蒸気自動車は内燃機関を利用した現在の自動車が生まれるずっと前に開発された自動車で、20世紀初頭までは自動車といえば蒸気自動車のことを意味していました。20世紀初頭までは内燃機関式の自動車とも張り合う事が出来る程の性能を持っていたのですが、内燃機関の性能が向上したことから徐々にその勢いは失われていき、第二次大戦が始まるころには表舞台から姿を消すことになってしまいました。しかしそんな蒸気自動車が一時期注目を集めていた事があるのだそうです。

 

蒸気自動車が注目されるきっかけとなったのが1970年代に起こったオイルショックでした。

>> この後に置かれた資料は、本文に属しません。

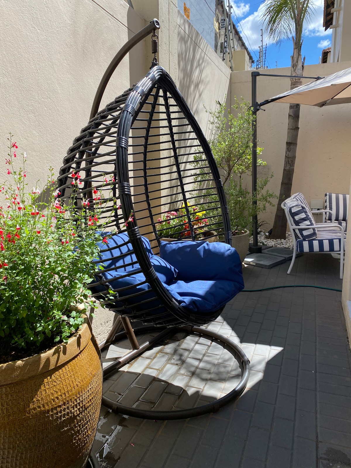 Escapade africaine🌿 élégante — À seulement 15 minutes de l'aéroport OR Tambo, cette retraite de jardin privé offre un charme rustique et un luxe raffiné. Niché sous un toit de chaume saisissant, l'appartement offre une vue luxuriante, une literie haut de gamme et une atmosphère sereine. Profitez d'un espace barbecue à l'abri, d'une alimentation électrique autonome et d'une intimité totale. Parfait pour des escapades tranquilles, pas pour des fêtes. Un stationnement sécurisé et des commodités à proximité complètent ce séjour paisible et apaisant. Une destination en soi.

石油価格が大きく高騰することによってガソリンを用意する事が出来なくなってしまった時の事を想定して再び蒸気自動車の開発を行う計画が立ち上がったのだそうです。蒸気自動車は火を起こす事が出来れば燃料にこだわる必要が無いことから石油が手に入らなくなっても他の燃料を用意する事が出来ると大きな注目が集まったのですが、オイルショックが収束したら計画も収束してしまったそうです。現在では電気自動車などより環境にやさしい自動車の開発が進められていますが、より環境に優しい形で蒸気を生み出す事が出来るシステムが生まれたら蒸気自動車が再び脚光を浴びるかもしれません。